■ ASSIGNMENT: Restate word for word the lines below from the one that has "A cute and casual" through the one that has "2025 South Korean", keeping both and dropping all pictures.

*** DATASET ENTRIES Section Begins ***

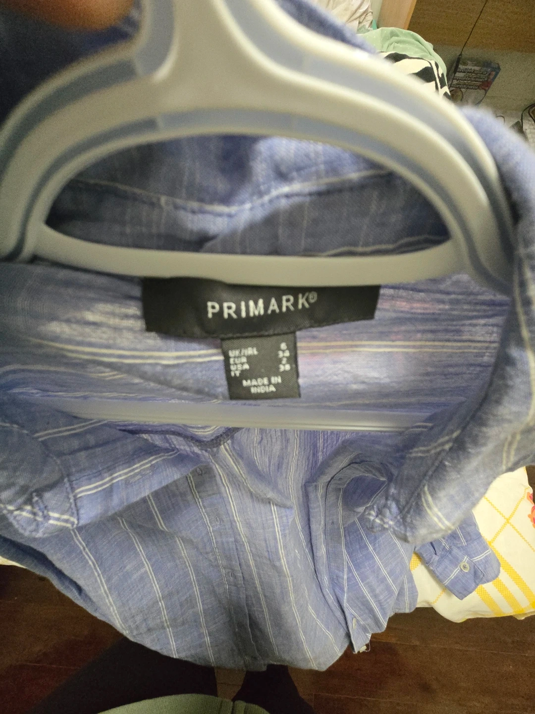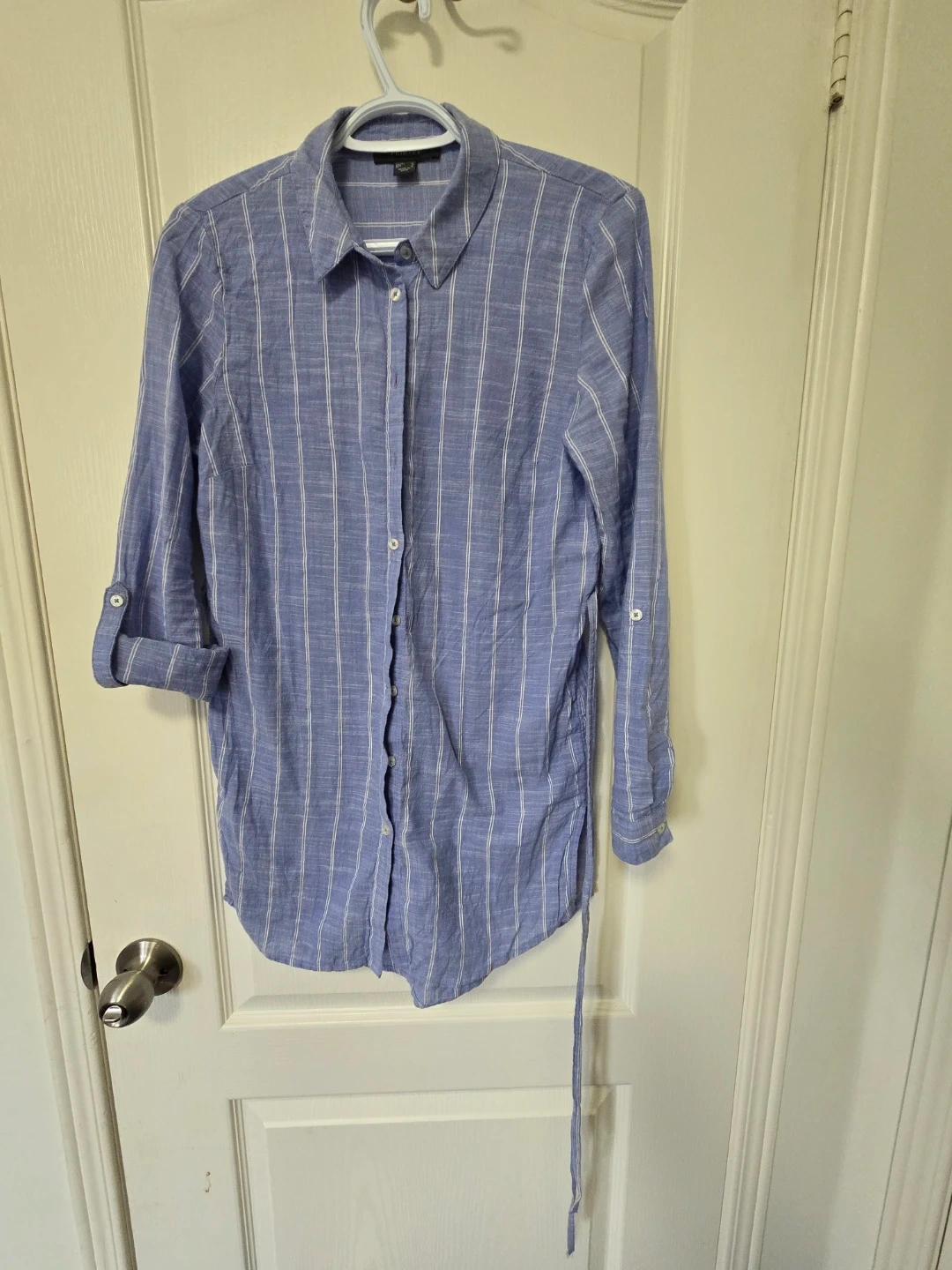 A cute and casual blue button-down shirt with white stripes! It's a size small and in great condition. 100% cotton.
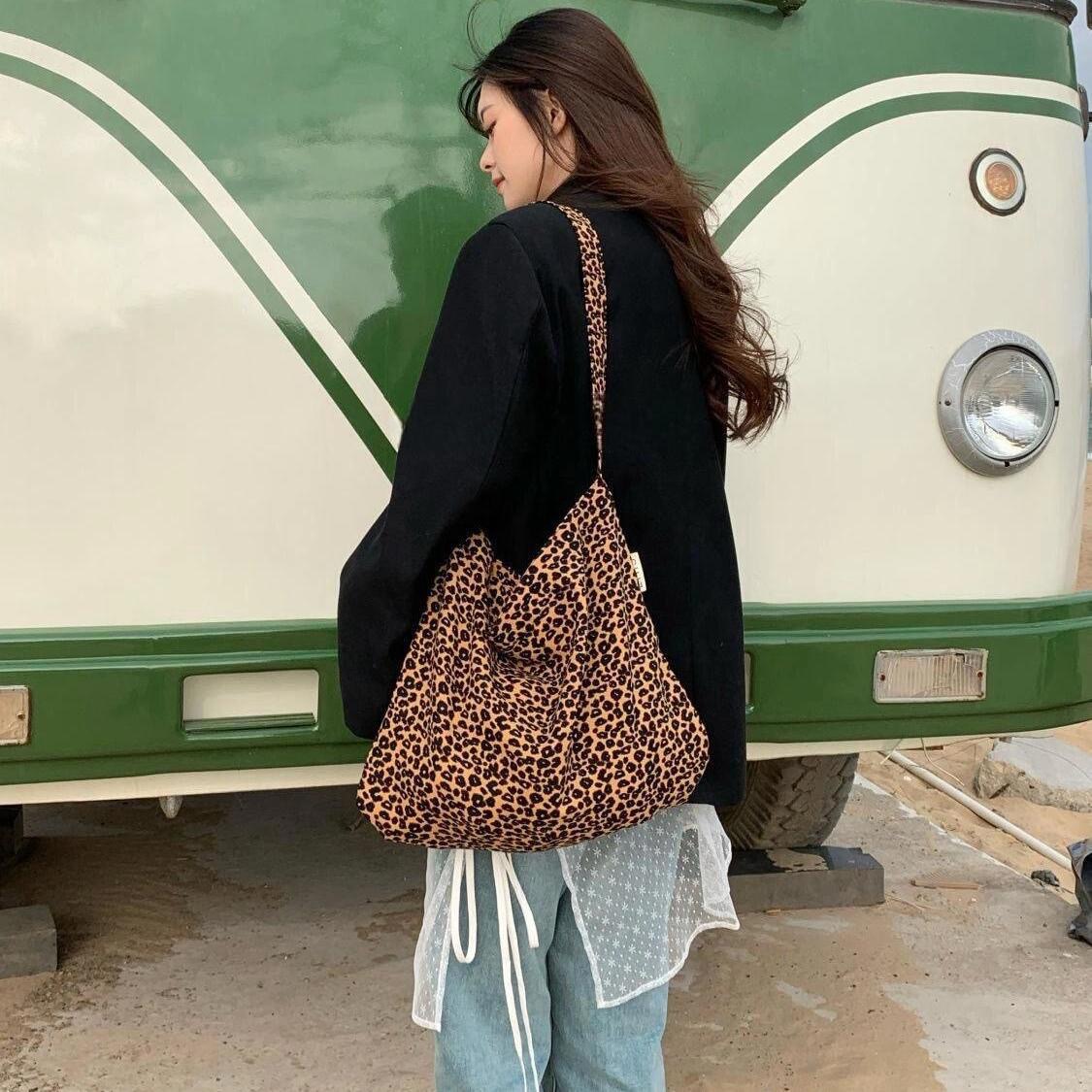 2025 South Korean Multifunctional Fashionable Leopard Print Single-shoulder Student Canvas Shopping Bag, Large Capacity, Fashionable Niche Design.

*** DATASET ENTRIES Section Ends ***
*** DATASET ENTRIES Section Begins ***

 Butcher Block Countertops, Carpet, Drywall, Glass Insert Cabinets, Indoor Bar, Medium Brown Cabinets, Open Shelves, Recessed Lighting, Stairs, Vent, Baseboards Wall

*** DATASET ENTRIES Section Ends ***
*** DATASET ENTRIES Section Begins ***

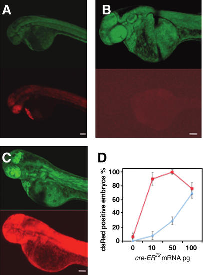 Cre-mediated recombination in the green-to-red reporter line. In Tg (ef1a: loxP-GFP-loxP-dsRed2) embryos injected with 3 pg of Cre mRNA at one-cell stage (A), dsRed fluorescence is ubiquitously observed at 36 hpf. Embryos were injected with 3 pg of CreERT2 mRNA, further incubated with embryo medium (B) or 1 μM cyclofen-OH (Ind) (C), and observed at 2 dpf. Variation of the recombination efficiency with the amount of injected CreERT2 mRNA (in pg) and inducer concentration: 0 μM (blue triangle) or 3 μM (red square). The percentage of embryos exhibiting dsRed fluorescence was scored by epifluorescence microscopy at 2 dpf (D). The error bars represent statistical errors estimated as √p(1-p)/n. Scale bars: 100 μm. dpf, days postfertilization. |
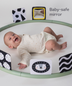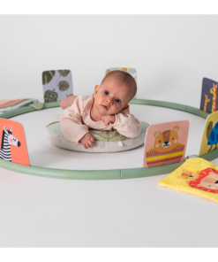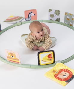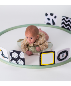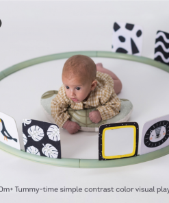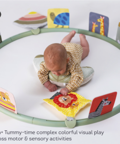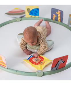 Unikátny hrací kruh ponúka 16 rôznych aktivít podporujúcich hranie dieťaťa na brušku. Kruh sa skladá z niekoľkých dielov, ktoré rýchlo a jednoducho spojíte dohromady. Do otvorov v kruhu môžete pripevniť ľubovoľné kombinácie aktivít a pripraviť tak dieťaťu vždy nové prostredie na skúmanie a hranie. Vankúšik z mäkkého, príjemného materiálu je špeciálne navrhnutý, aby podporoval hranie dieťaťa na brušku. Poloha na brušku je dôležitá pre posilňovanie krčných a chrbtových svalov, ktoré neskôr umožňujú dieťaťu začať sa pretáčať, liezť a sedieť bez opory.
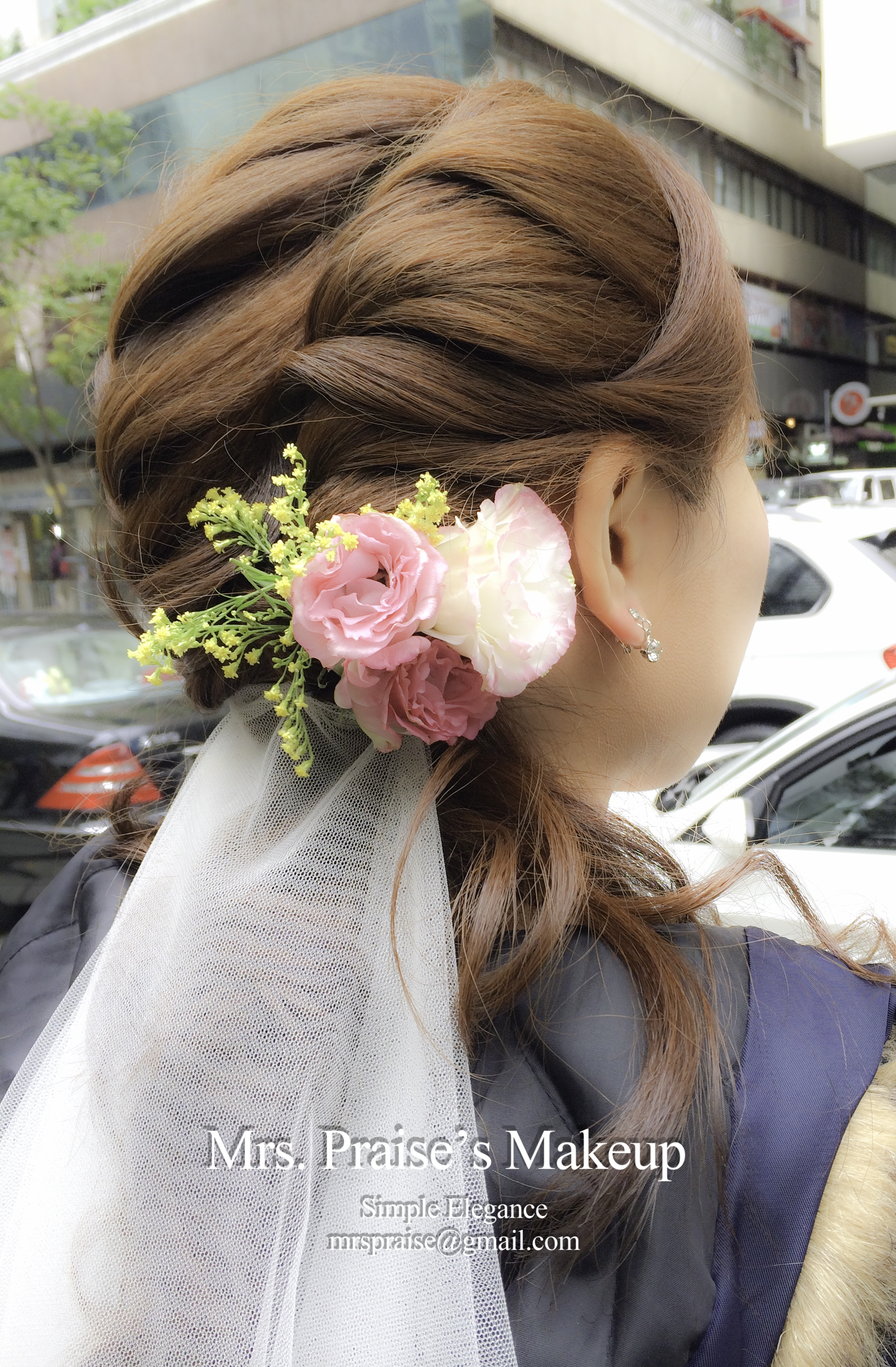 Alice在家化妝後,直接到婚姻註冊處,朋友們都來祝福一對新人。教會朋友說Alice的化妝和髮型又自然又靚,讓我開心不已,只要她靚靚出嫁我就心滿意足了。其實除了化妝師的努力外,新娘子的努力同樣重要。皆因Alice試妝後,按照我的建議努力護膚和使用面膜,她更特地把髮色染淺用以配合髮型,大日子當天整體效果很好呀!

*** DATASET ENTRIES Section Ends ***

■ ANSWER FOR THIS EXERCISE:
 A cute and casual blue button-down shirt with white stripes! It's a size small and in great condition. 100% cotton.
 2025 South Korean Multifunctional Fashionable Leopard Print Single-shoulder Student Canvas Shopping Bag, Large Capacity, Fashionable Niche Design.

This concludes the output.